## The data

---*---

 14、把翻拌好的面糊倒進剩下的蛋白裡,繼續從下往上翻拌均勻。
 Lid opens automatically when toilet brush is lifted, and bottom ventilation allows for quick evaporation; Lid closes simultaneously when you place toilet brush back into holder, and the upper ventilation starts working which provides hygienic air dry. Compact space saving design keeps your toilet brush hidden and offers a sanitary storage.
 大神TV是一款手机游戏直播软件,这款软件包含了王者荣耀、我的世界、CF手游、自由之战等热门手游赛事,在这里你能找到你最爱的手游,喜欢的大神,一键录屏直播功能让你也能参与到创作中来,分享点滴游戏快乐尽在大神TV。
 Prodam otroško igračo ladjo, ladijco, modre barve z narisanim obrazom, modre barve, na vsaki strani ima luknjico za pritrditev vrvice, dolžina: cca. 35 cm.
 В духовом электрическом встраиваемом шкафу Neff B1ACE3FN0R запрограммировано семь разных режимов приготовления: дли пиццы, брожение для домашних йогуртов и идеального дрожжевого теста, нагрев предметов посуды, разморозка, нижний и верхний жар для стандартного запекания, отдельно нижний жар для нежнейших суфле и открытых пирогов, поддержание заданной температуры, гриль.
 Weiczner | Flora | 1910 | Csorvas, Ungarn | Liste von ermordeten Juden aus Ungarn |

---*---

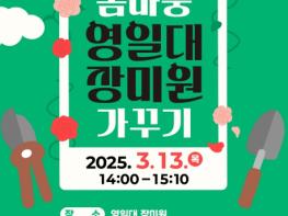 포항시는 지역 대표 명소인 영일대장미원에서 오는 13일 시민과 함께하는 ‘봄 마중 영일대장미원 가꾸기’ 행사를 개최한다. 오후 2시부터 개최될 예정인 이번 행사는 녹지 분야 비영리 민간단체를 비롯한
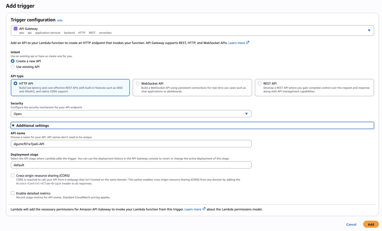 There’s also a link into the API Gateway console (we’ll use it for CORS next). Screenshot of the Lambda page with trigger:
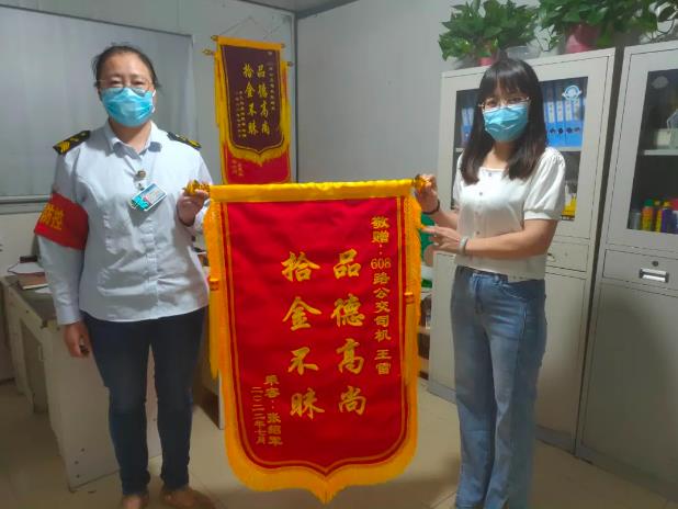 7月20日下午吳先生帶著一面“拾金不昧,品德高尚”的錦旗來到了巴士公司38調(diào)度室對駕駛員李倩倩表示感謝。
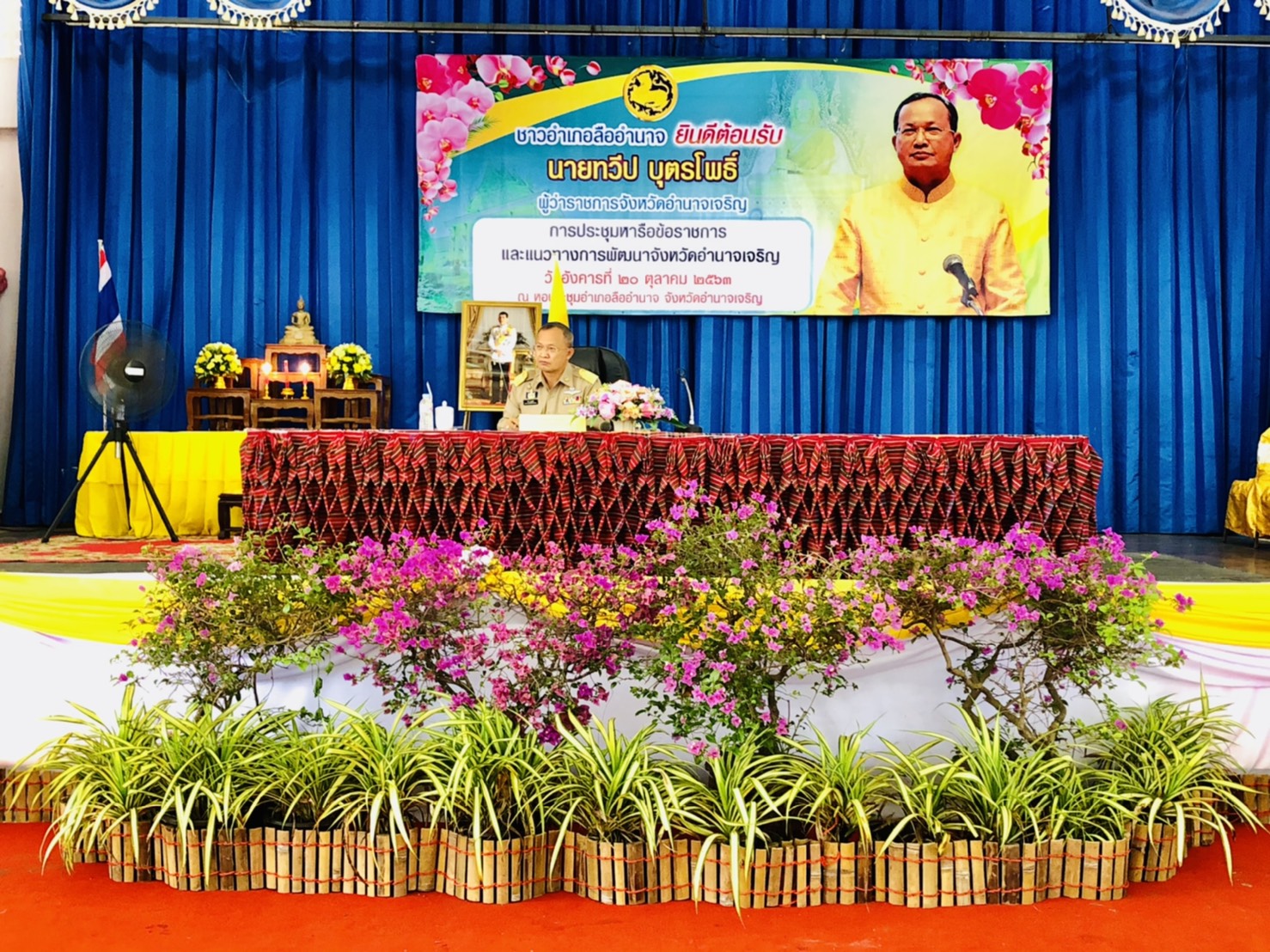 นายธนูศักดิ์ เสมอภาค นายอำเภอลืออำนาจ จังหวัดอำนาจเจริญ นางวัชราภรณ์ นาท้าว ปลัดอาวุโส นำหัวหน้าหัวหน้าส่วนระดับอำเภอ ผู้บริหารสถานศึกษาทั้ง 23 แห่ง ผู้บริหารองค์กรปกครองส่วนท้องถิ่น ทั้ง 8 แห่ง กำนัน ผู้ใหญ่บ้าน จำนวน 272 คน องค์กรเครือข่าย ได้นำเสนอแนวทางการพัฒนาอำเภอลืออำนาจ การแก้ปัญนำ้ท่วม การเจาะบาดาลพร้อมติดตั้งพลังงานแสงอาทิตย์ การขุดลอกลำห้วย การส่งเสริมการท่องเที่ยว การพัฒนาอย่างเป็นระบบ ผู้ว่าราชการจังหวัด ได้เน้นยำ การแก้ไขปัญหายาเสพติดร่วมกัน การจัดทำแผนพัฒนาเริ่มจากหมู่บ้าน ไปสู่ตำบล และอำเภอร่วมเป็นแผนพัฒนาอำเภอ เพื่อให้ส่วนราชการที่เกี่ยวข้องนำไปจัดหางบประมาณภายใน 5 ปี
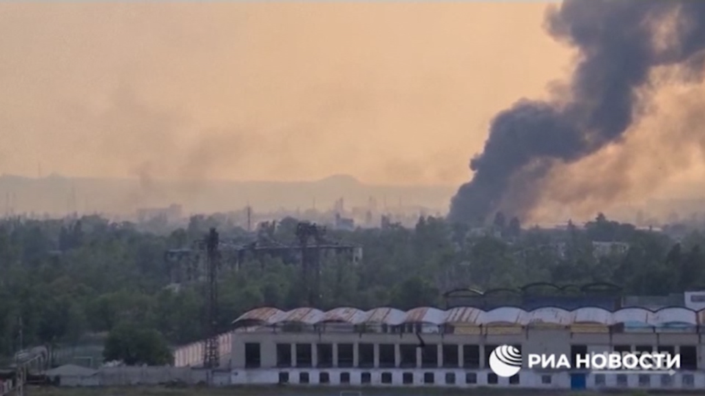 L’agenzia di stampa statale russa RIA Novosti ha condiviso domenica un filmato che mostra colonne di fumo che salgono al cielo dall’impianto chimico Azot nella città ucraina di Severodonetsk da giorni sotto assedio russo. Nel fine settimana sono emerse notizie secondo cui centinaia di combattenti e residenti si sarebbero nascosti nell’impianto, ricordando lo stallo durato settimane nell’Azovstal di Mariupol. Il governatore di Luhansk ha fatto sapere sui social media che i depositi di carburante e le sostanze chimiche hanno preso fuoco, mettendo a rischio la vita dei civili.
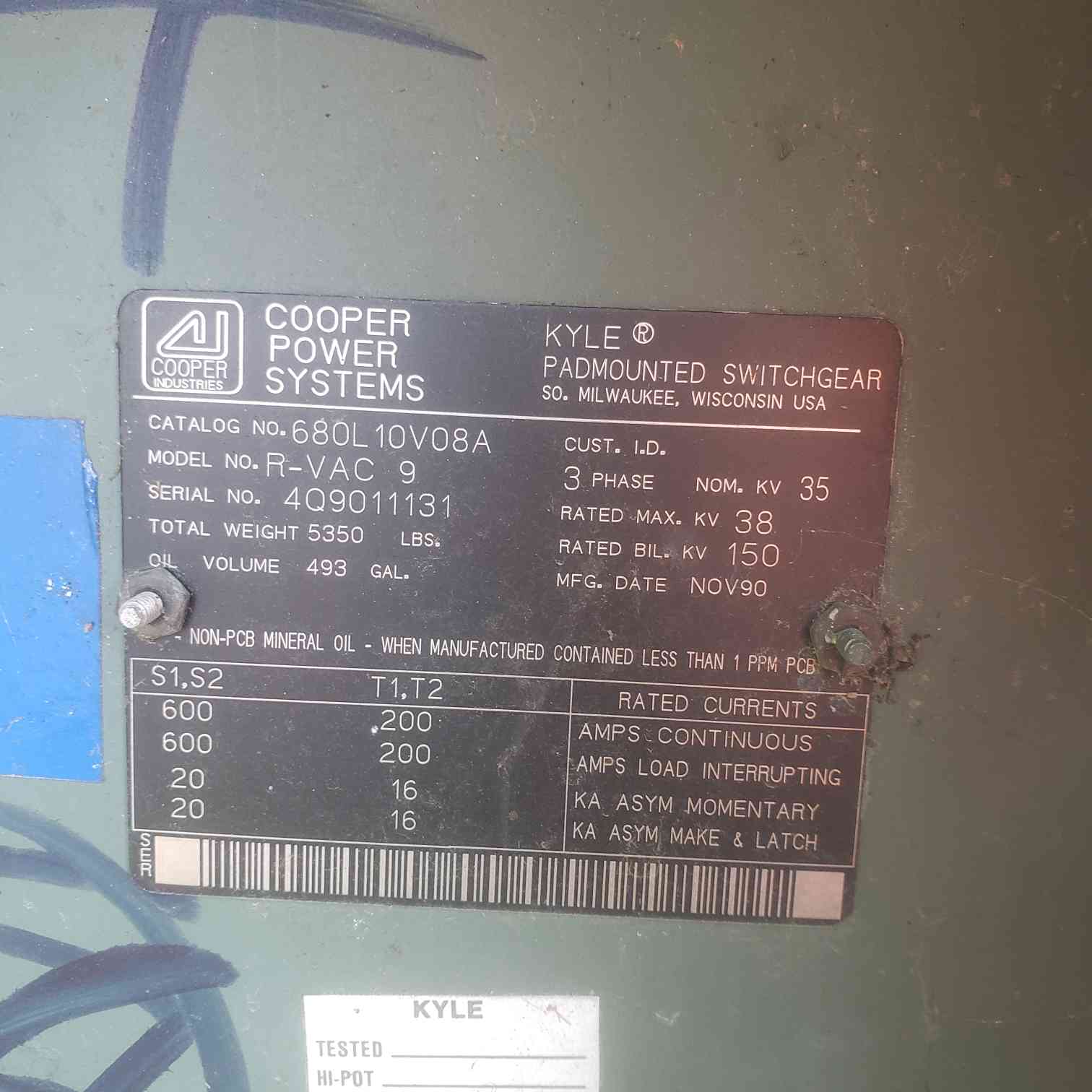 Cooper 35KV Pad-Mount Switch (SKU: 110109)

---*---

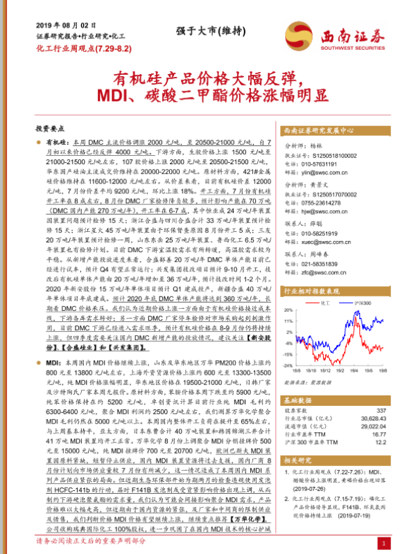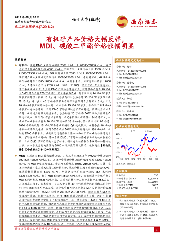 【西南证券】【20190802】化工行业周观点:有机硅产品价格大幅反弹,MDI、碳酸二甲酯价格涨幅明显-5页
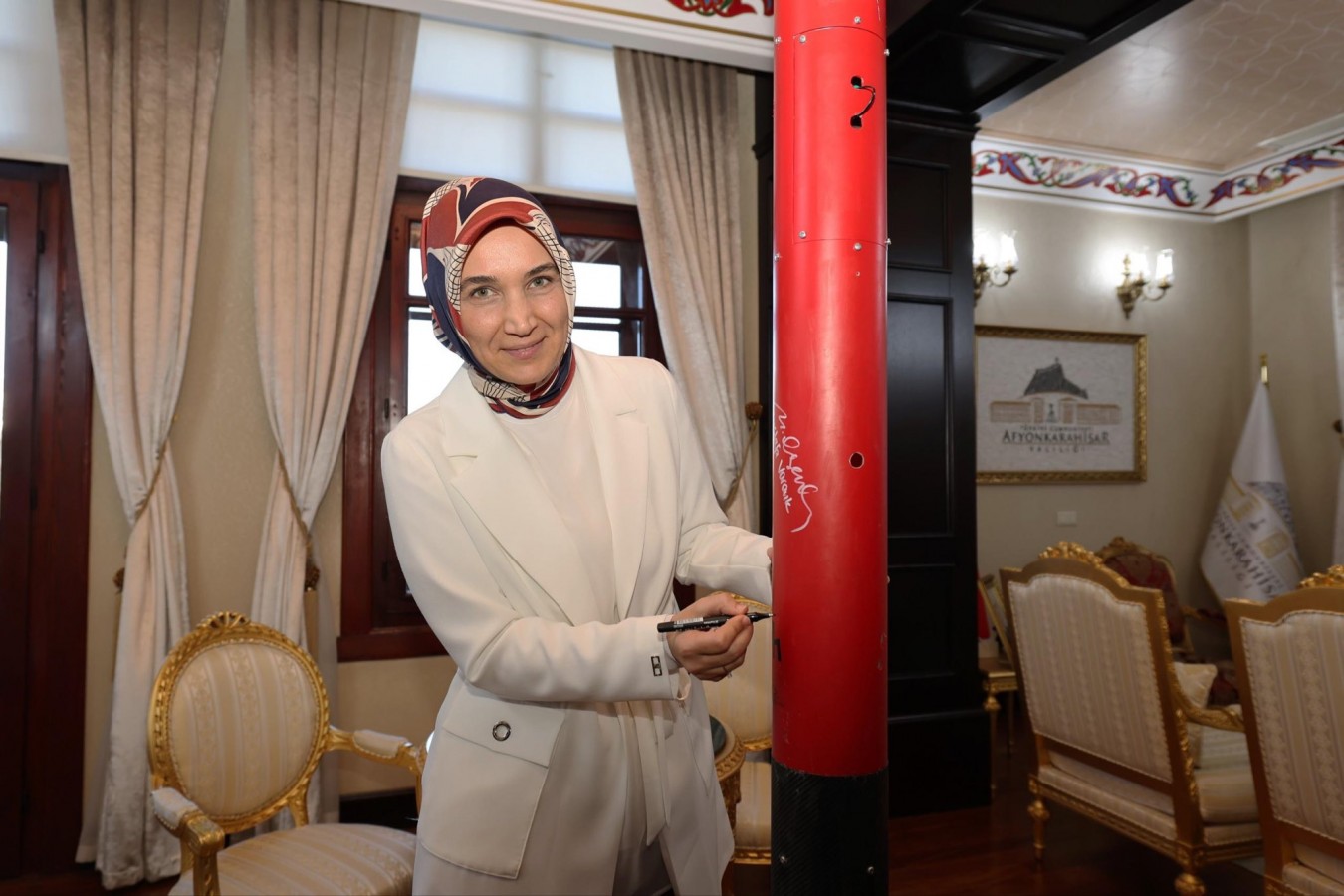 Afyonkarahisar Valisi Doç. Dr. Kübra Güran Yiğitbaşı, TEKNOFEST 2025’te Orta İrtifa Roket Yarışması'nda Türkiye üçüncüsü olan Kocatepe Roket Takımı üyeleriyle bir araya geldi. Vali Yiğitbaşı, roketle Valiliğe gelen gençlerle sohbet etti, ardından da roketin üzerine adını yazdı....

---*---

Reproduce the entries above exactly, but only the lines between the line holding "В духовом электрическом" and the line holding "Weiczner | Flora", inclusive.

## Task response
 В духовом электрическом встраиваемом шкафу Neff B1ACE3FN0R запрограммировано семь разных режимов приготовления: дли пиццы, брожение для домашних йогуртов и идеального дрожжевого теста, нагрев предметов посуды, разморозка, нижний и верхний жар для стандартного запекания, отдельно нижний жар для нежнейших суфле и открытых пирогов, поддержание заданной температуры, гриль.
 Weiczner | Flora | 1910 | Csorvas, Ungarn | Liste von ermordeten Juden aus Ungarn |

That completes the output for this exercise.